What the task asks: Start to finish, return the listing below exactly, pictures excluded.

Provided material:
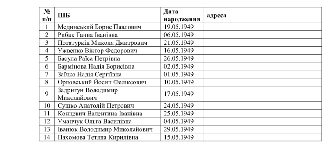 - Опублікували список довгожителів Козятинської громади, яких у травні вітатимуть з ювілейними датами грамотами міської ради та матеріальною винагородою
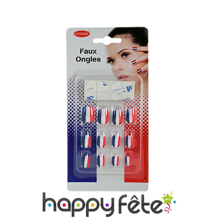 Compléter votre maquillage de supporter avec les faux ongles Bleu Blanc Rouge.
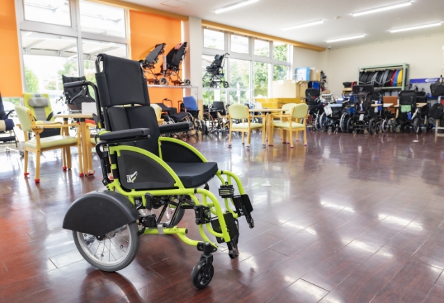 さまざまな車いすを展示しており、実際に車いすやクッションを体験できます。奥には車いすのメンテナンススペースもあります。
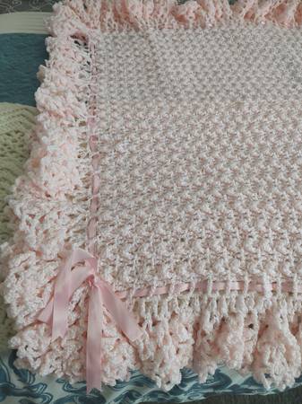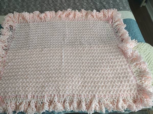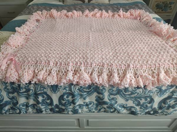 Crocheted pink baby blanket. 37" x 44". $55.00.

Answer:
 - Опублікували список довгожителів Козятинської громади, яких у травні вітатимуть з ювілейними датами грамотами міської ради та матеріальною винагородою
 Compléter votre maquillage de supporter avec les faux ongles Bleu Blanc Rouge.
 さまざまな車いすを展示しており、実際に車いすやクッションを体験できます。奥には車いすのメンテナンススペースもあります。
 Crocheted pink baby blanket. 37" x 44". $55.00.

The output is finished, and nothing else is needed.